3. Compare the results of the models in terms of their accuracy (use this as the performance metric to assess generalizability error on the holdout subset) and the time taken (use appropriate timing function). Summarize your results via a table with the following structure:

Solver used

Training subset accuracy

Holdout subset accuracy

Time taken

In [None]:
import pandas as pd
import numpy as np
import time
from patsy import dmatrices
from sklearn.linear_model import LogisticRegression
from sklearn.model_selection import train_test_split
from sklearn.metrics import accuracy_score

In [None]:
 # Loading and prepare the dataset
df = pd.read_csv("PatientAnalyticFile.csv")

In [None]:
# Create mortality column: 1 if DateOfDeath exists, else 0
df["mortality"] = np.where(df["DateOfDeath"].isnull(), 0, 1)

In [None]:
# Calculate age in years
df["DateOfBirth"] = pd.to_datetime(df["DateOfBirth"], errors='coerce')
df["Age_years"] = ((pd.to_datetime("2015-01-01") - df["DateOfBirth"]).dt.days / 365.25)

In [None]:
# Drop columns that should not be used as predictors
vars_remove = ["PatientID", "First_Appointment_Date", "DateOfBirth",
               "Last_Appointment_Date", "DateOfDeath", "mortality"]
vars_left = list(set(df.columns) - set(vars_remove))

In [None]:
# Define the regression formula
formula = "mortality ~ " + " + ".join(vars_left)


In [None]:
# Creating a design matrices for logistic regression
y, X = dmatrices(formula, df, return_type='dataframe')
y = np.ravel(y)  # Flatten target array

In [None]:
# Split the dataset (same split for all models)
X_train, X_test, y_train, y_test = train_test_split(X, y, test_size=0.2, random_state=42)

In [None]:
# Dictionary to hold results
results = {}
# Define solvers here
solvers = ['newton-cg', 'lbfgs', 'liblinear', 'sag', 'saga']

# Loop through each solver and evaluate model
for solver in solvers:
    try:
        start = time.time()

        # Initialize and fit the model
        model = LogisticRegression(solver=solver, max_iter=1000, fit_intercept=True)
        model.fit(X_train, y_train)

        end = time.time()
        elapsed = round(end - start, 4)

        # Predict and calculate accuracies
        train_pred = model.predict(X_train)
        test_pred = model.predict(X_test)
        train_acc = round(accuracy_score(y_train, train_pred), 4)
        test_acc = round(accuracy_score(y_test, test_pred), 4)

        # Store results
        results[solver] = {
            'Train Accuracy': train_acc,
            'Test Accuracy': test_acc,
            'Time Taken (s)': elapsed
        }

    except Exception as e:
        results[solver] = {
            'Train Accuracy': 'Error',
            'Test Accuracy': 'Error',
            'Time Taken (s)': str(e)
        }

# Convert to DataFrame and display
results_df = pd.DataFrame.from_dict(results, orient='index')
print(results_df)




           Train Accuracy  Test Accuracy  Time Taken (s)
newton-cg          0.7482         0.7362          0.0937
lbfgs              0.7482         0.7358          0.7068
liblinear          0.7479         0.7362          0.0478
sag                0.7481         0.7362          9.9994
saga               0.7480         0.7362         14.3261




4. Based on the results, which solver yielded the best results? Explain the basis for ranking the models - did you use training subset accuracy? Holdout subset accuracy? Time of execution? All three? Some combination of the three?

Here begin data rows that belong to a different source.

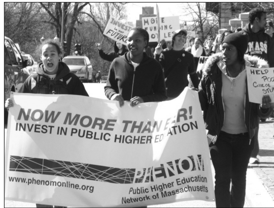
March around the State House, March 8, 2010

times. People elsewhere are waking up to the idea that a robust public sector delivers what we need and cannot buy any other way, like clean air and water, and education from pre-K through college. People increasingly understand that we need fair and reliable taxes to pay for these public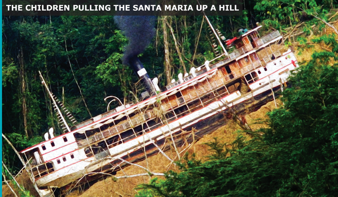
THE CHILDREN PULLING THE SANTA MARIA UP A HILL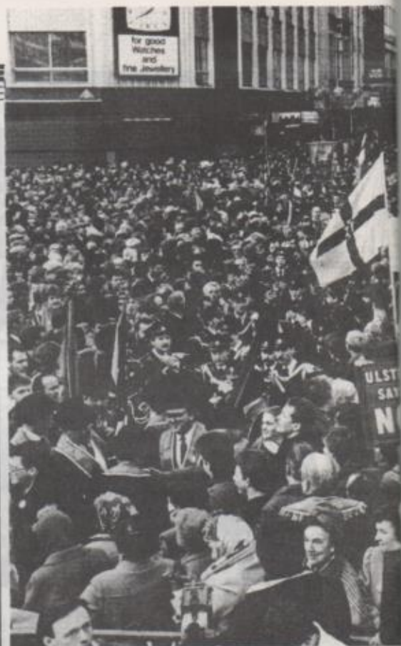
At Lurgan, 250 women textile workers were stoned and their factory eventually set on fire. Another factory was besieged at Moira and a bus burnt while the nationalist areas of Portadown were virtually cut off by

The March 3 strike showed that it was not "the politicians" who were in control, as pickets of the Ulster Clubs and UDA brought the province to a virtual standstill, attacking Nationalist workers and throwing up road blocks.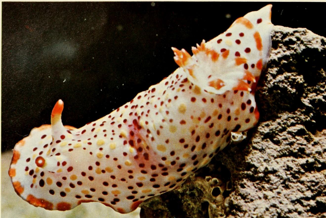
PLATE 1a. Chromodoris norrisi from Cerralvo Island, Baja California, Mexico.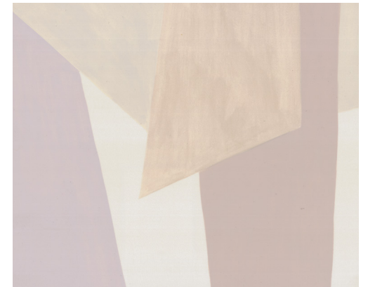
09 Ether on White Silk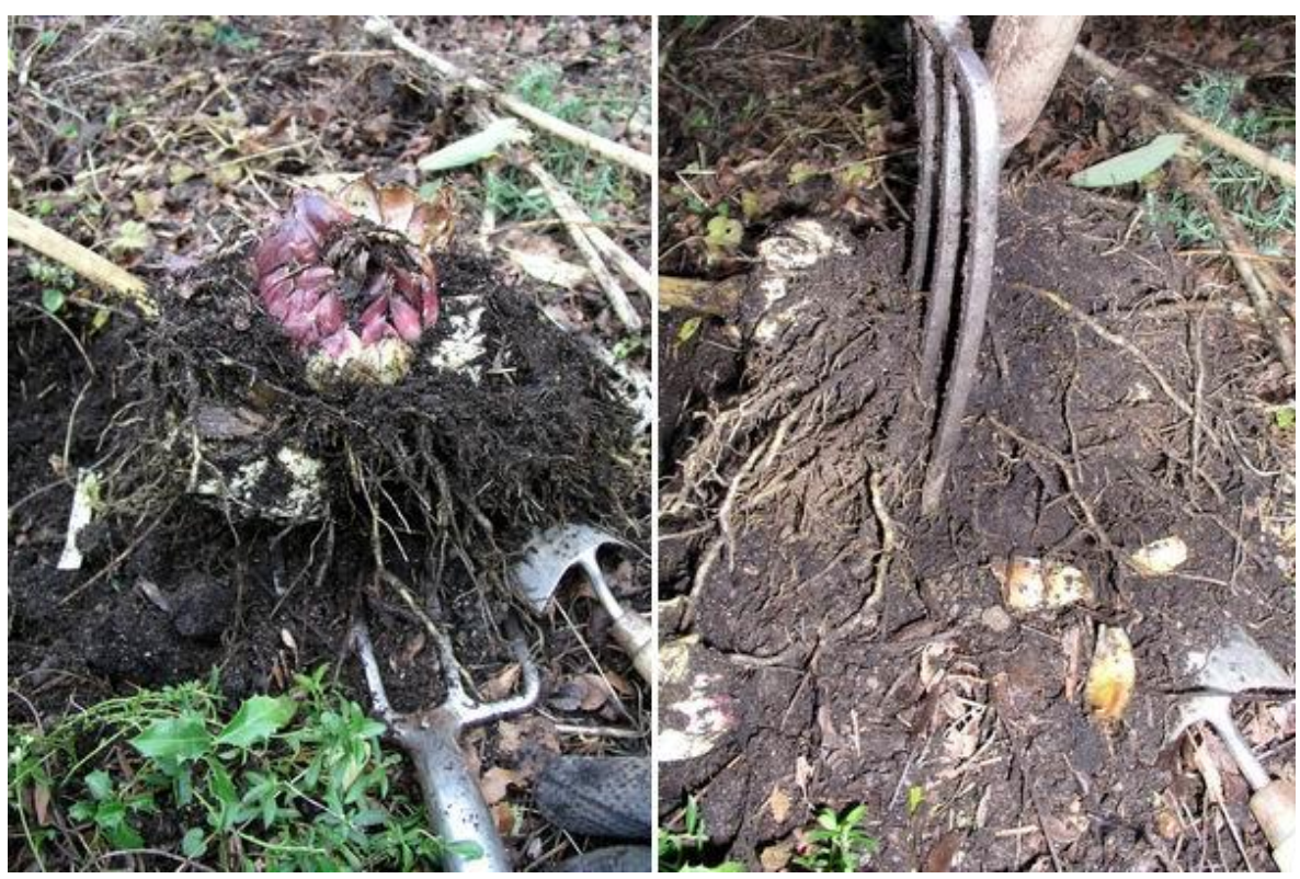
Splitting lily bulb

Just to show how temptation is always there, here is another seedling raised from Narcisus 'Camoro', which is a fertile hybrid between N cantabricus monophylus and N. romieuxii. While the flowers of 'Camoro' are an off white, this seedling has that sparkling crystalline white corona which is widely flared at the mouth – I am now waiting to see how well it will increase and if it will flower as freely as its seed parent. I should add that I have no idea what the pollen parent is, it could have selfed or it may have been crossed to another form. I am sure that you can see the dilemma that I am in; how can I cut back when all these lovely new seedlings keep appearing.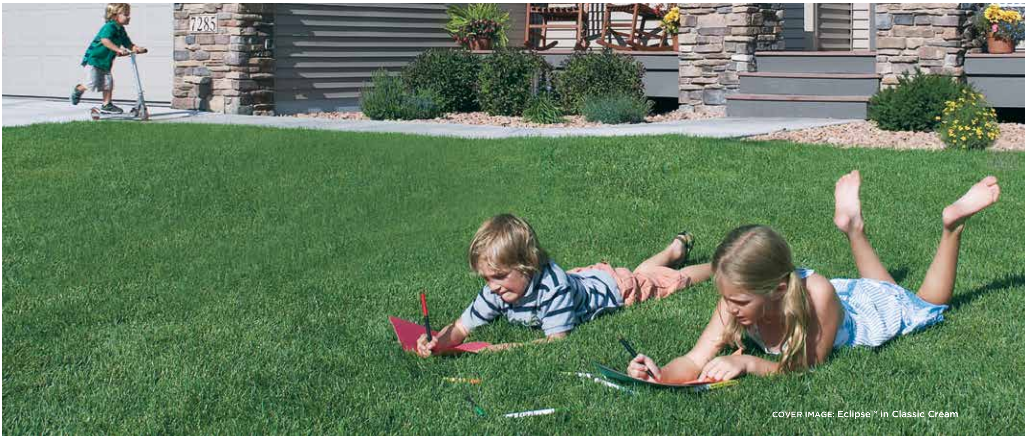
COVER IMAGE: Eclipse™ in Classic Cream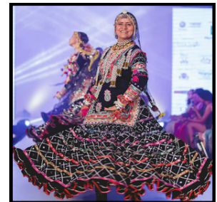
Team Gulabo (Padam Shree) (By Gulabo Sapera Nritya Evam Sangeet Sansthan , Jaipur)

Answer: Based on the results, the lbfgs solver gave the best overall performance. It had the highest test accuracy of 0.7365, which is important because test accuracy shows how well the model performs on new, unseen data. While other solvers like newton-cg, liblinear, sag, and saga had similar test accuracies (around 0.7362), they were either slightly lower or the same. I focused mainly on test accuracy to compare the models, since that's a better measure of generalization than training accuracy. However, I also considered time of execution. For example, liblinear was the fastest (0.0558 seconds), but its test accuracy was a bit lower. On the other hand, sag and saga took the longest time to run (over 11 and 13 seconds) and still didn’t show better accuracy. They also triggered ConvergenceWarnings, meaning they didn’t fully finish optimizing within the allowed number of iterations. So, when balancing accuracy, time, and stability, lbfgs is the best choice among all solvers in this case.